Now, Paramount has placed Abi Morgan in charge of script duties, who will look to bring Laura Ingalls Wilder’s classic book series to moviegoers at long last.
Here’s the official synopsis of Wilder’s novel, which she loosely based on her own family experience growing up in the American Midwest.
The adventures continue for Laura Ingalls and her family as they leave their little house in the Big Woods of Wisconsin and set out for Kansas. They travel for many days in their covered wagon until they find the best spot to build their little house on the prairie. Soon they are planting and plowing, hunting wild ducks and turkeys, and gathering grass for their cows.
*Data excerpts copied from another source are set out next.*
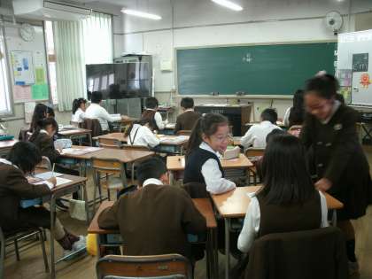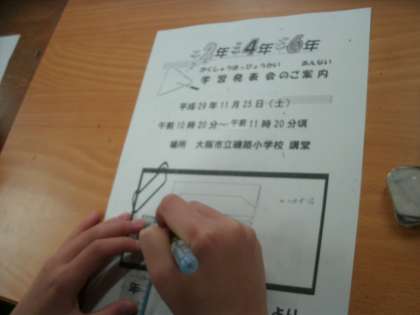 4年1組は、学習発表会の案内状に絵を描いて色をぬったり、メッセージを書き込んだりしていました。案内状は来週持ち帰りますので、楽しみになさってください。
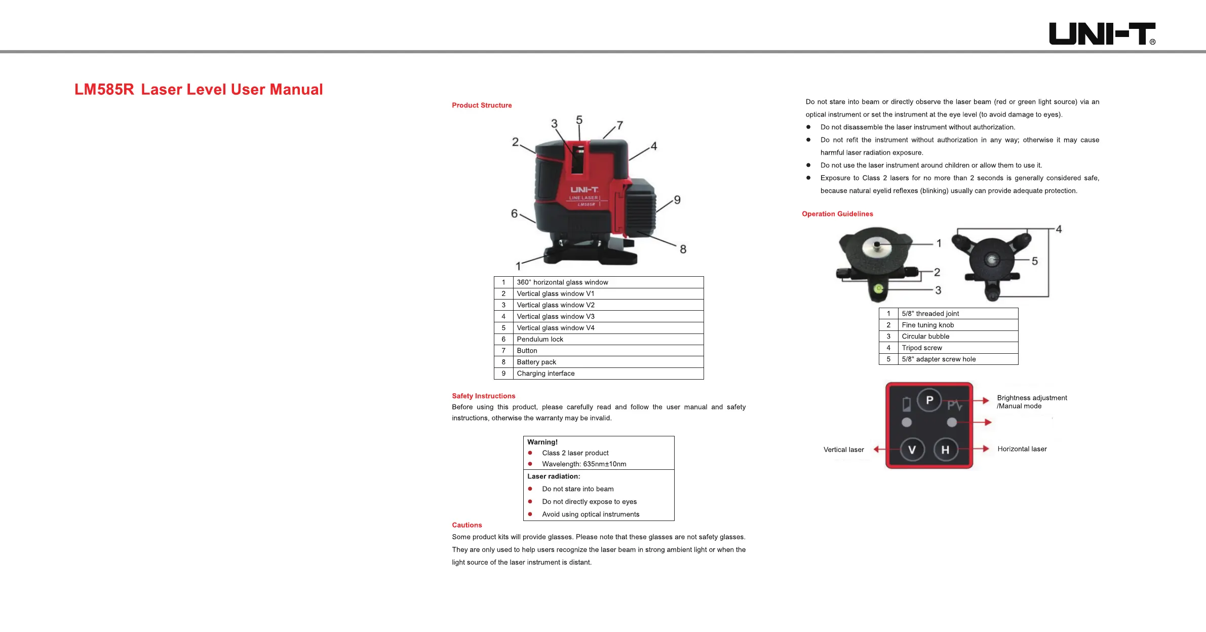 Olvassa el alább 📖 a magyar nyelvű használati útmutatót Uni-T LM585R (2 oldal) a lézeres mutató kategóriában. Ezt az útmutatót 12 ember találta hasznosnak és 6.5 felhasználó értékelte átlagosan 4.7 csillagra
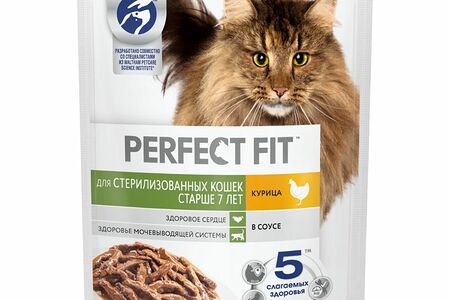 Влажный корм Perfect Fit для стерилизованных кошек старше 7 лет с курицей в соусе, 75г доставка
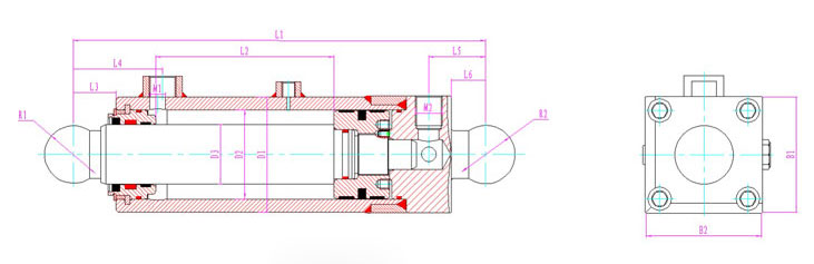 | 產品型號 | 行程 | 安裝距 | 額定壓力 | L1 | L2 | L3 | L4 | L5 | L6 | D1 | D2 | D3 | R1 | R2 | B1 | B2 | M1 | M2 |
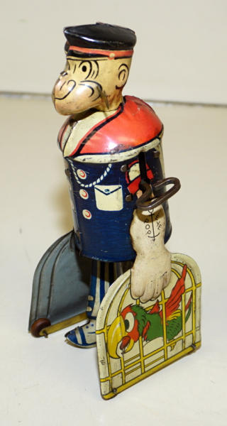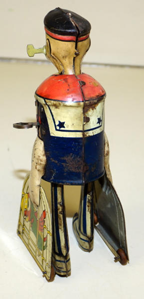 8" tall, windup works good, colors are pretty faded and has some rust spots and wear
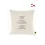 Met dit Zusss kussen vertel je een mooie boodschap! Op dit kussen staat namelijk een mooi gedicht over: jij dichtbij mij. Ook erg leuk als kadootje! Het kussen is zandkleurig en is 45x45cm groot. Dit item is gemaakt van 50% katoen en 50% linnen. Het Zusss logo vind je terug op het PU labeltje aan de zijkant van het kussen.
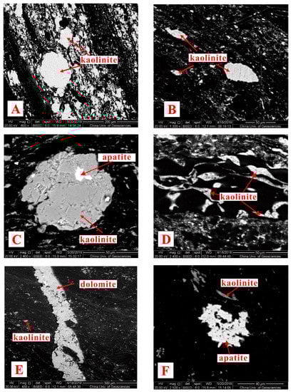 SEM back-scattered images of kaolinite, apatite and dolomite in PR-4-6. (A,B) dispersed kaolinite particles or kaolinite lenses; (C) apatite filling cavities of kaolinite; (D) cell-filling kaolinite; (E) fracture-filling dolomite; (F) apatite fillings pore/cavity of organic matter.

Sometimes pioneer life is hard, but Laura and her folks are always busy and happy in their new little house.
Wilder’s nine-book saga was first printed in 1932, and grew to prominence thanks to a long-running TV series of the same name that aired on NBC from 1974 to 1984. Little House on the Prairie has since remained relevant via an ABC miniseries in 2005 and a musical three years later, but can Paramount’s high-profile revival prove that Wilder’s nuclear family can still attract an audience?